[PATCH 2/2] drm/xe/guc: Track FAST_REQ H2Gs to report where errors came from
Michal Wajdeczko
michal.wajdeczko at intel.com
Wed Apr 23 09:18:27 UTC 2025
On 26.03.2025 20:32, John.C.Harrison at Intel.com wrote:
> From: John Harrison <John.C.Harrison at Intel.com>
>
> Most H2G messages are FAST_REQ which means no synchronous response is
> expected. The messages are sent as fire-and-forget with no tracking.
> However, errors can still be returned when something goes unexpectedly
> wrong. That leads to confusion due to not being able to match up the
> error response to the originating H2G.
>
> So add support for tracking the FAST_REQ H2Gs and matching up an error
> response to its originator.

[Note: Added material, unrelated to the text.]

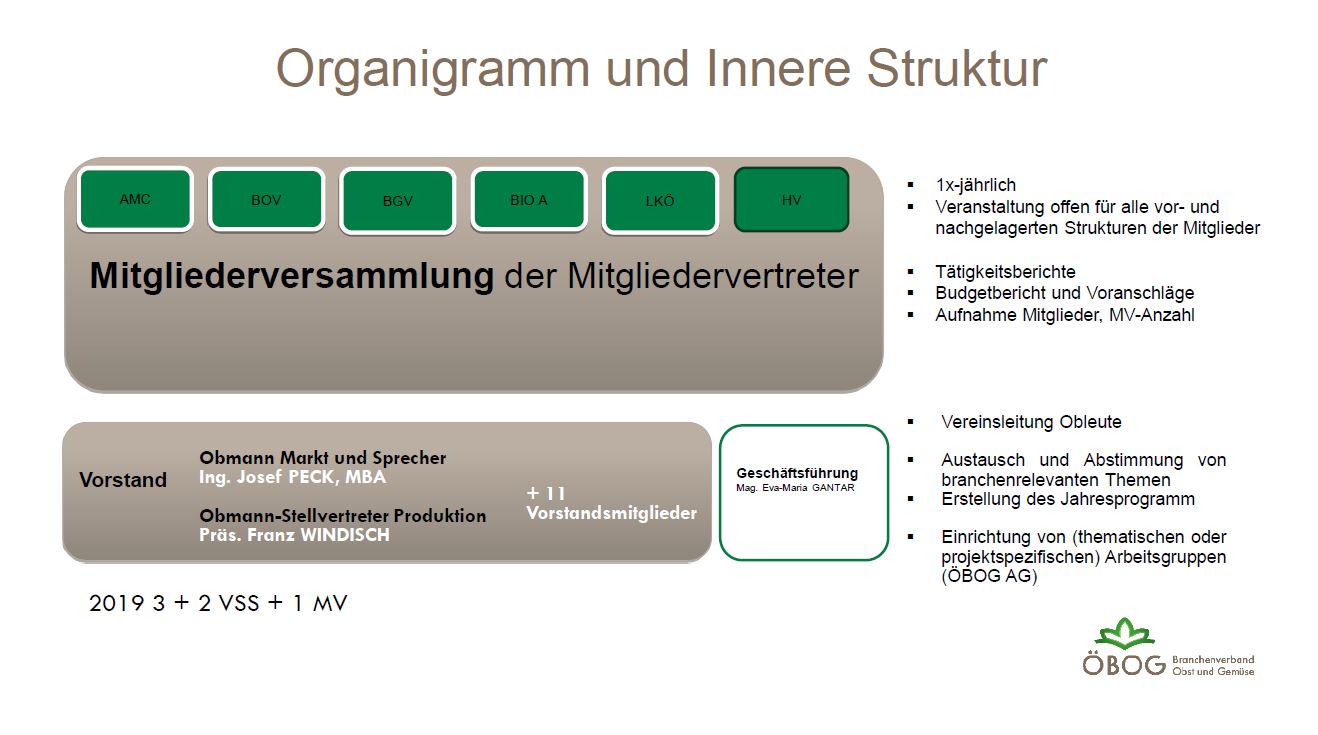 Die Mitglieder repräsentieren im Wesentlichen den Obst- und Gemüsesektor. Die Repräsentanz begründet sich in der Anzahl der Mitglieder, davon statistisch abgeleiteter Flächen oder auch durch den Wert vermarktbarer Erzeugnisse. Aktuelle Mitglieder sind der Bundesobstbauverband (9 Landesobstbauverbände), der Bundesgemüsebauverband (5 Landesgemüsebauverbände), die Landwirtschaftskammer Österreich (9 Landes-Landwirtschaftskammern), BIO AUSTRIA (8 Landesorganisationen) und der amc(agrar management club)AUSTRIA, als Vertreter (Verein) der 9 Erzeugerorganisationen für Obst und Gemüse:– EO Steirisches Gemüse GmbH
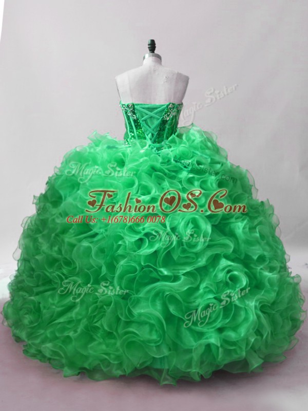 Green Quinceanera Gown Sweet 16 and Quinceanera with Sequins Sweetheart Sleeveless Lace Up

This is only enabled in XE_DEBUG builds
> given that such errors should never happen in a working system and
> there is an overhead for the tracking.
>
> Further, if XE_DEBUG_GUC is enabled then even more memory and time is
> used to record the call stack of each H2G and report that with the
> error. That makes it much easier to work out where a specific H2G came
> from if there are multiple code paths that can send it.
>
> Note, rather than create an extra Kconfig define for just this
> feature, the XE_LARGE_GUC_BUFFER option has been re-used and renamed
> to XE_DEBUG_GUC and is now just a general purpose 'verbose GuC debug'
> option.
shouldn't the Kconfig change be in a separate patch ?
>
> v2: Some re-wording of comments and prints, more consistent use of #if
> vs stub functions - review feedback from Daniele & Michal).
>
> Original-i915-code: Michal Wajdeczko <michal.wajdeczko at intel.com>
> Signed-off-by: John Harrison <John.C.Harrison at Intel.com>
> Reviewed-by: Daniele Ceraolo Spurio <daniele.ceraolospurio at intel.com>
> ---
> drivers/gpu/drm/xe/Kconfig.debug | 10 ++-
> drivers/gpu/drm/xe/xe_guc_ct.c | 109 ++++++++++++++++++++++-----
> drivers/gpu/drm/xe/xe_guc_ct_types.h | 15 ++++
> drivers/gpu/drm/xe/xe_guc_log.h | 2 +-
> 4 files changed, 113 insertions(+), 23 deletions(-)
>
> diff --git a/drivers/gpu/drm/xe/Kconfig.debug b/drivers/gpu/drm/xe/Kconfig.debug
> index 0d749ed44878..66b601b17de6 100644
> --- a/drivers/gpu/drm/xe/Kconfig.debug
> +++ b/drivers/gpu/drm/xe/Kconfig.debug
> @@ -86,12 +86,16 @@ config DRM_XE_KUNIT_TEST
>
> If in doubt, say "N".
>
> -config DRM_XE_LARGE_GUC_BUFFER
> - bool "Enable larger guc log buffer"
> +config DRM_XE_DEBUG_GUC
> + bool "Enable extra GuC related debug options"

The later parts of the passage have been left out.